TASK TO COMPLETE
Output the span of lines from the one that contains "L'équipe dirigeante du" through the end of the records, inclusive, exactly as written and free of pictures.

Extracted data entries
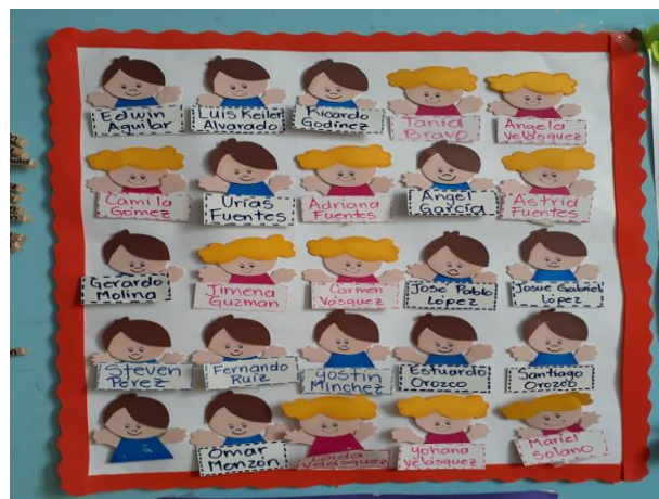
Figura 21. Cartel de asistencia

El indicador de Procesos Educativos: Asistencia de Alumno docentes, se evidenciaba en el cartel de asistencia ya que los niños asistencia cada día y con mucha alegría a recibir clases las actitudes que los estudiantes tenían al momento de jugar una ronda, jugar el avioncito, trabajar en equipo, o cómo sus movimientos iban adquiriendo coordinación en su cuerpo, así como también, se veía el fortalecimiento de su autonomía a través de las actividades que se les asignaba respondiendo día a día con responsabilidad y dedicación.
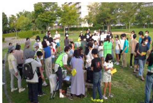
最終日に啓発活動実施
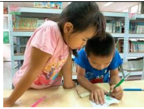
我要用綠色來拓印！
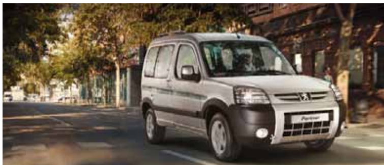
Desregulación. Cambian las normas para transporte de pasajeros.

El trámite, que estará disponible a partir este 11 de diciembre, es obligatorio para la prestación de servicios de transporte automotor de pasajeros y tendrá carácter de Declaración Jurada (DDJJ). El
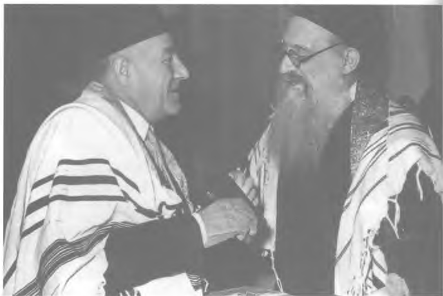
Главный раввин Московской Хоральной синагоги С. Шлифер (справа) и посол Государства Израиль Й. Авидар.
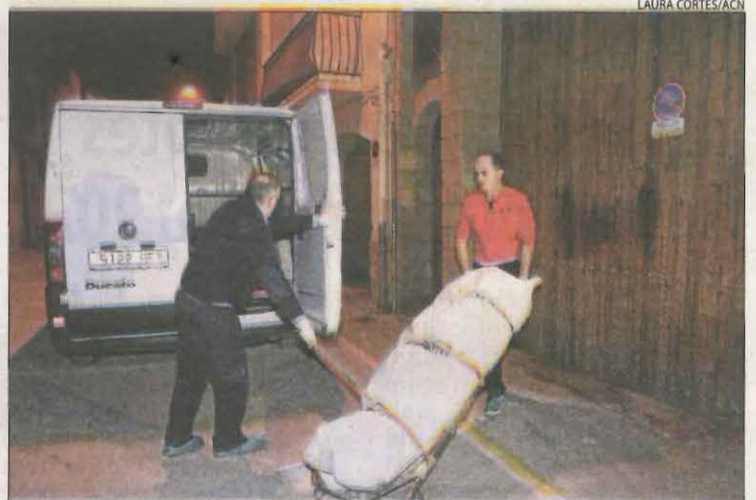
El crim va tenir lloc el desembre del 2018 a Artesa de Segre.
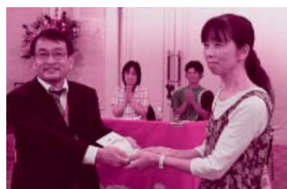
争議をたたかうなごまにカンパを贈呈
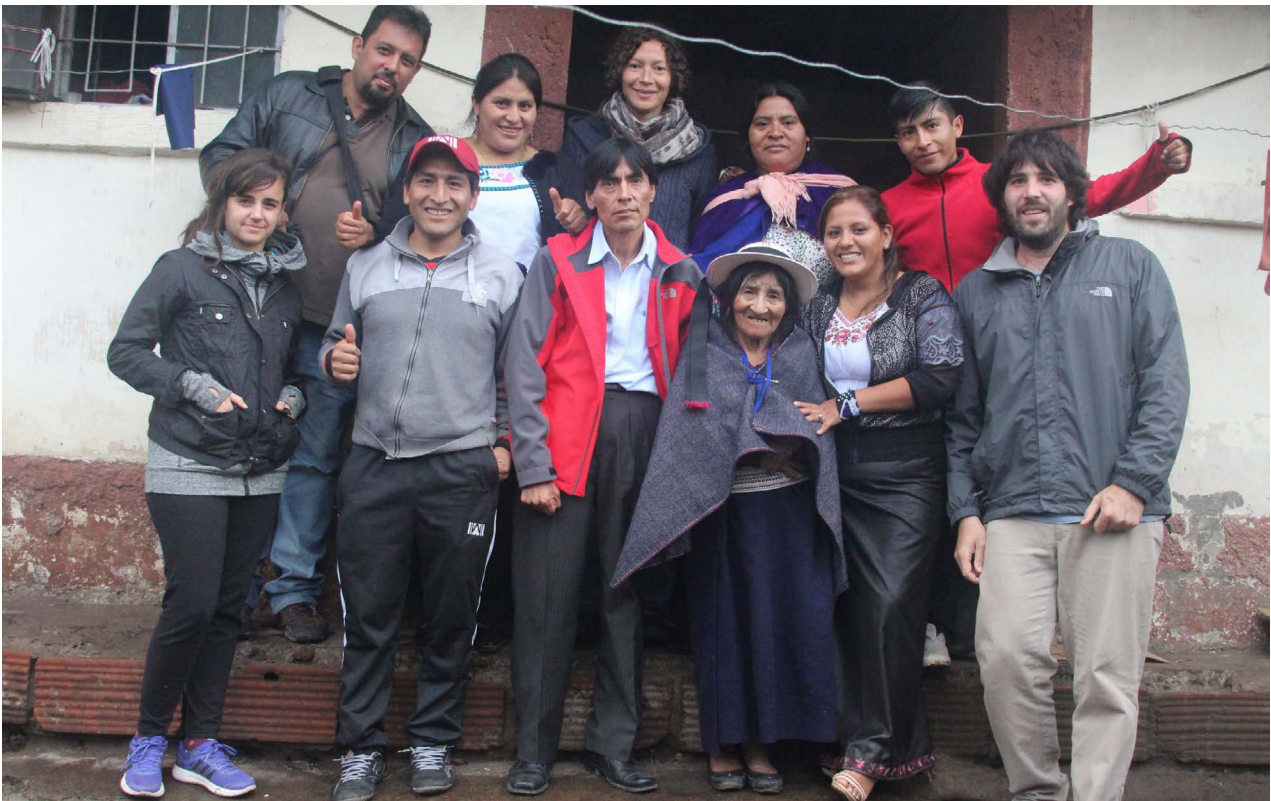
Miembros de la Comunidad Pulucate en Riobamba, junto a equipo de trabajo de la UArtes.
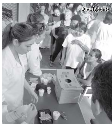
Alunos em atividade no Conjunto Esportivo
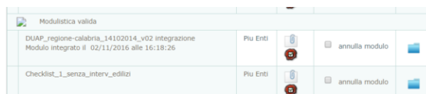
Figura 2 - La sezione modulistica

Nel caso di pratiche in bozza precedenti alla data di avvio della nuova versione del sw, il sistema continuerà a presentare il modello DUAP nella sezione modulistica. Il modulo PDF editabile dovrà essere obbligatoriamente allegato alla pratica e, come di consueto, esso sarà presente nella sezione modulistica per l'Operatore dell'Ente terzo.
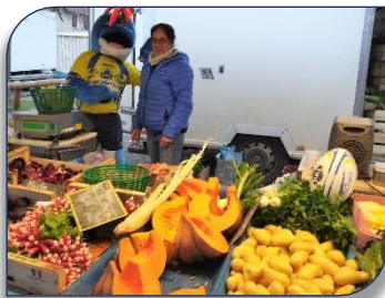
et avec les marchands du Marché

L'équipe dirigeante du DRL et leur mascotte étaient de sortie à l'aube pour préparer le kiosque du Marché du 23 janvier. Cela a favorisé des rencontres hivernales pour préparer le printemps du Rugby à XIII et du Sport en général, tout en vendant des soupes « fait Maison » avec des légumes cultivés à Décines : du local avant tout !
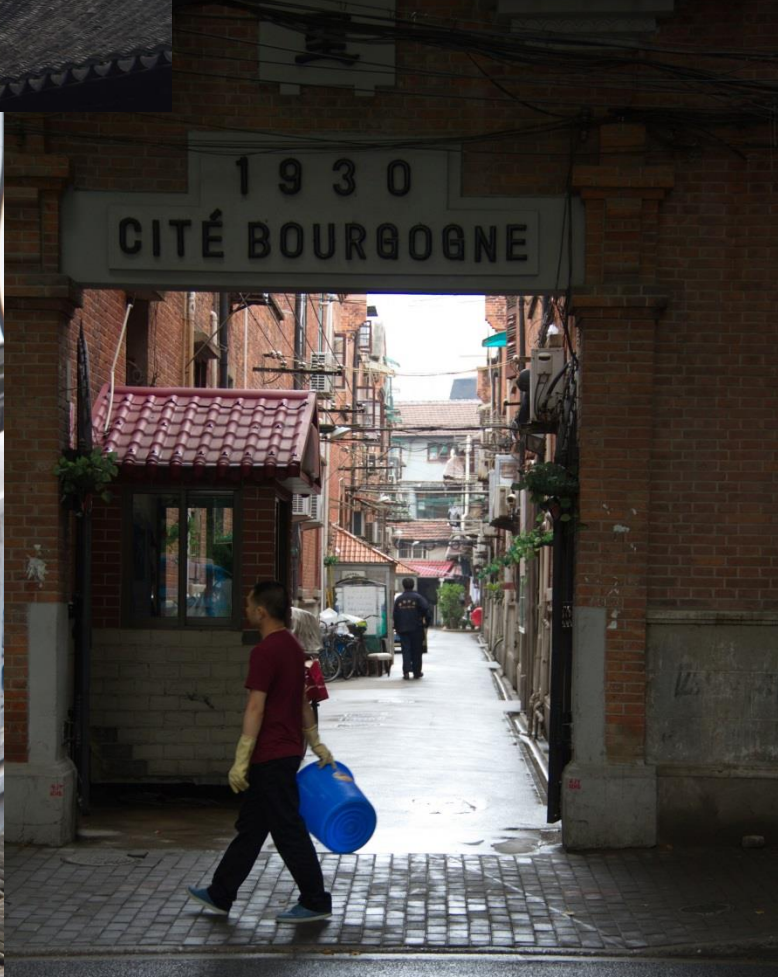
Les restes de la concession Française

SOLUTION FOR THIS PROBLEM
L'équipe dirigeante du DRL et leur mascotte étaient de sortie à l'aube pour préparer le kiosque du Marché du 23 janvier. Cela a favorisé des rencontres hivernales pour préparer le printemps du Rugby à XIII et du Sport en général, tout en vendant des soupes « fait Maison » avec des légumes cultivés à Décines : du local avant tout !
Les restes de la concession Française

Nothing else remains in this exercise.